Published: 17 October 2011
‘Top down’ approach to biodiversity under climate change
In a recent ECOS article, Tim Low highlighted the importance of making robust predictions of climate change impacts on biodiversity. Formulating conservation and management strategies that best retain biodiversity into the future depend on such reliable predictions.1 We need to answer key questions such as ‘Where are the best places across the country to put new conservation reserves?’, and ‘Which areas should be the focus of restoration efforts?’
Ironically, one of the greatest impediments to predicting climate change impacts on biodiversity is the sheer number of species that we need to conserve. A recent estimate suggests that Australia has more than half a million native species.2
Through state and federal legislation, Australians have assumed the responsibility of custodian for these species. This means providing all of them with the opportunity to persist under a changing climate. To identify robust conservation and management strategies, predictions of climate change impacts need to be relevant to biodiversity as a whole – that is, to many species from many different taxonomic groups.3
Until now, most related ecological research has focused on predicting changes in the distribution of individual species in response to climate change.4 However, due to the substantial information collection and modelling effort required for each species, predictions for all species in a taxonomic group are only possible for a small number of well-studied taxa (e.g. birds, mammals, reptiles).5,6
In his earlier ECOS article, Tim Low also pointed out a number of practical challenges in accurately predicting the potential distribution of individual species.
For highly diverse, yet poorly studied taxa – such as plants, insects and marine invertebrates – alternative approaches are needed to predict climate change impacts relevant to all species. Enter ‘macroecology’, a scientific discipline that can predict changes in broad patterns of biodiversity over time.
Macroecological modelling is particularly valuable for highly diverse, poorly studied taxa, as it provides information relevant to all species: even those we know little about.
Two powerful macroecological modelling approaches involve predicting either changes in the number of species in each location, or dissimilarity in community composition between pairs of locations.7 Both approaches have demonstrated their value in predicting climate change impacts on diverse species within multiple taxonomic groups over large regions.8,9
CSIRO’s Macroecological Modelling team is now developing techniques for extending the capacity of macroecology to predict climate change impacts on Australia’s biodiversity.

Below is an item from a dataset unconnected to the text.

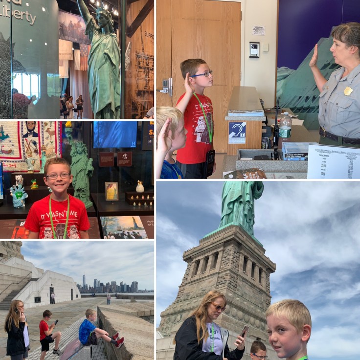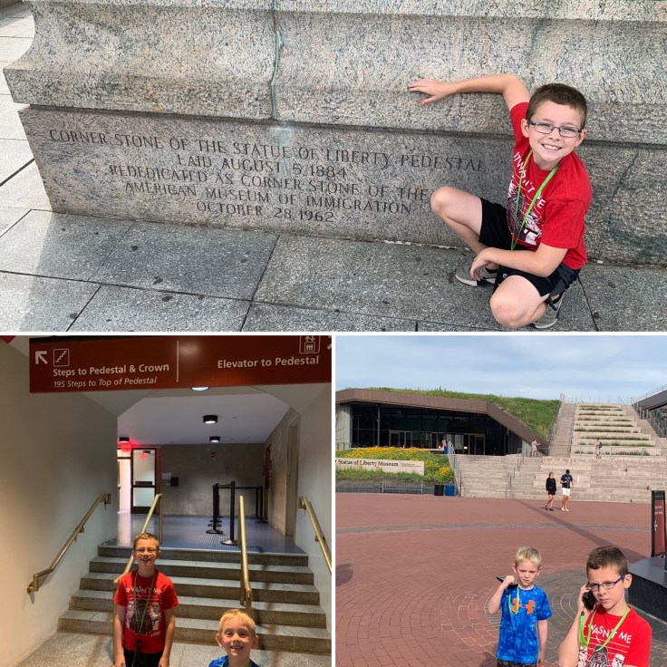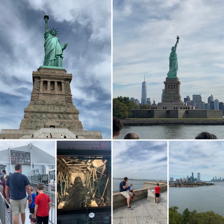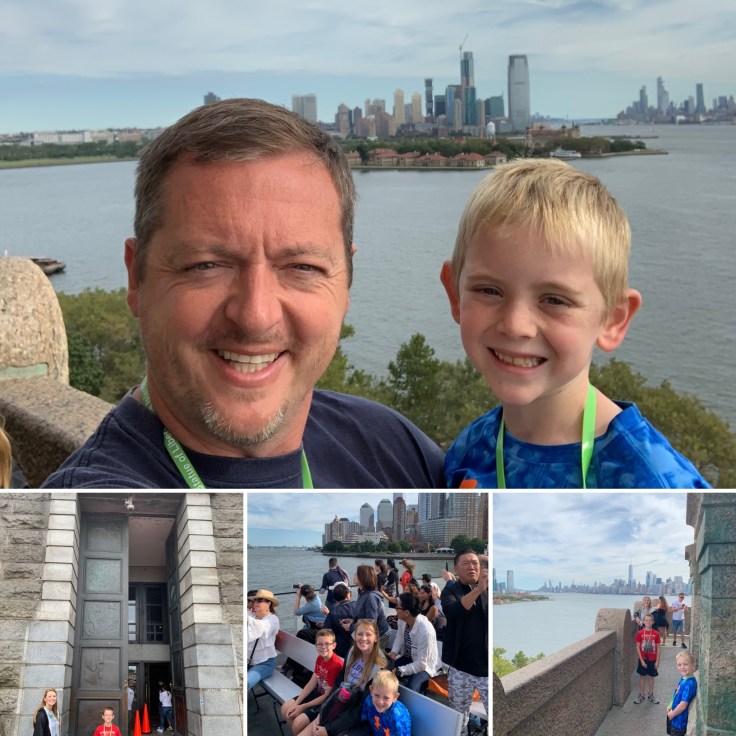 When you go over to the Island, tickets are &18.50/adult and $9/child for your Reserve ticket or Reserve Pedestal ticket. Reserve Crown tickets cost a few extra dollars a person. A Reserve ticket gets you to the Island but you don’t get to go up in the statue. You have to have a Pedestal or Crown ticket to go up in the statue as only a limited number of people are allowed to go up. We were able to get Reserved Pedestal tickets, which meant we could go up inside the pedestal but not further into the actually statue to the crown at the top. Reserved Crown tickets were all reserved until the middle of November. Bummer! There are lots of stairs. Everyone going to the island has to go through a security screening, then you have another screening if you go in the pedestal. You are very limited as to what you can take inside the Statue and if you are lucky enough to get Reserved Crown tickets then you really can’t bring much of anything (water, phone/camera, meds; that’s it). Be sure to check the National Park Service website for the exact info. I read lots of stuff about long lines and to get there early so we did. We were early and were allowed to board an earlier ferry since there wasn’t a long line at that point. I think it also helped that it was the first day of school for NYC. Just FYI, the northeastern states start back about a month later than the southern states. Less crowds and cheaper hotels once school starts back. 😉

One new approach10 combines models of species richness and compositional dissimilarity to predict the occurrences of all species across all locations over large regions. The same approach can directly predict the impacts of climate change on biodiversity, or form the basis for more mechanistic macroecological predictions of biodiversity change.
Macroecological modelling has significant untapped potential to complement the substantial research effort focused on predicting changes in the distributions of individual species under climate change. By providing predictions relevant to all species, it can help to formulate conservation and management strategies that best retain biodiversity under climate change.
Karel Mokany is an ecologist with CSIRO Ecosystem Sciences, developing new macroecological approaches to predicting climate change impacts on biodiversity.
1 Botkin DB et al. (2007). Forecasting the effects of global warming on biodiversity. Bioscience 57, 227–36.
2 Chapman A (2009). Numbers of Living Species in Australia and the World. Department of the Environment, Water, Heritage and the Arts, Canberra, p. 84.
3 Margules CR and Pressey RL (2000). Systematic conservation planning. Nature 405, 243–53.
4 Elith J and Leathwick JR (2009). Species distribution models: ecological explanation and prediction across space and time. Annual Review of Ecology, Evolution, and Systematics 40, 677–97.
5 Thuiller W et al. (2006). Vulnerability of African mammals to anthropogenic climate change under conservative land transformation assumptions. Global Change Biology 12, 424–40.
6 Hole DG et al. (2009). Projected impacts of climate change on a continent-wide protected area network. Ecology Letters 12, 420–31.
7 Mokany K and Ferrier S (2011). Predicting impacts of climate change on biodiversity: a role for semi-mechanistic community-level modelling. Diversity and Distributions 17, 374–80.
8 Ferrier S et al. (2010). Using generalised dissimilarity modelling to assess potential impacts of climate change on biodiversity composition in Australia, and on the representativeness of the national reserve system. Report for Department of Sustainability, Environment, Water, Population and Communities, Canberra.
9 Sommer JH et al. (2010). Projected impacts of climate change on regional capacities for global plant species richness. Proceedings of the Royal Society B 277, 2271–80.
10 Mokany K et al. (2011). Combining α- and β-diversity models to fill gaps in our knowledge of biodiversity. Ecology Letters 14, 1043–51.